Using the unit circle, we can see that {{{cos ((3/4) pi) = - (sqrt(2))/2 }}} and {{{sin ((3/4) pi) = (sqrt(2))/2}}} (this makes sense since the angle {{{(3/4) pi}}} is in the second quadrant and makes a 45 degree angle with the negative x-axis).  So we substitute in:

{{{(1 - cos ((3/4) pi))/ (sin ((3/4) pi)) = (1 - (-(sqrt(2))/2))/(sqrt(2)/2)}}}

Simplifying, we get:

{{{(1 + (sqrt(2))/2)/((sqrt(2))/2) }}} (canceling the negatives in the numerator)
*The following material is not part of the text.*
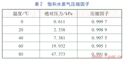 我公司橋東煤氣儲(chǔ)配站的人工煤氣來(lái)自邢臺(tái)旭陽(yáng)焦化有限公司,經(jīng)過(guò)脫萘、脫硫凈化處理后,主要組成見(jiàn)表l。經(jīng)站區(qū)流量計(jì)計(jì)量,進(jìn)入管網(wǎng),輸送至用戶,日均供氣量為17×104m3/d左右,用氣高峰期可達(dá)24×104m3/d。主干管采用DN 600mm的螺旋焊縫鋼管,長(zhǎng)度約l0km,管網(wǎng)運(yùn)行壓力為30~70kPa。在計(jì)量處測(cè)人工煤氣溫度,經(jīng)統(tǒng)計(jì),濕煤氣的溫度不超過(guò)50℃,處于水飽和狀態(tài)。表2為0~80℃的飽和水蒸氣壓縮因子值[1]。由表2可知,當(dāng)溫度不超過(guò)80℃,水蒸氣的飽和蒸氣壓很低,飽和水蒸氣壓縮因子與l的偏差小于1%,趨于理想氣體性質(zhì)。
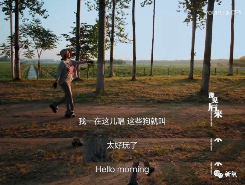 比如说,大清早在田野间吊嗓子的时候,有只狗狗跟着她的声音“汪汪”叫,她就笑着跟狗狗打招呼;

{{{ (2/(sqrt(2)) * (1 + (sqrt(2))/2)) }}} (getting rid of the complex fraction by multiplying by the reciprocal of the denominator instead)

{{{ 2/(sqrt(2)) + 1 }}} (distributing the {{{2/(sqrt(2))}}})

{{{ sqrt(2) + 1 }}} (simplifying {{{2/(sqrt(2))}}} to be {{{sqrt(2)}}})

So the tangent of {{{(3/8) pi}}} is {{{1 + sqrt(2)}}} exactly.  This should match what you get on your calculator, and it also makes sense: {{{(3/8) pi}}} is in the first quadrant, so its tangent should be positive, and it is larger angle than 45 degrees, so its tangent should be larger than 1.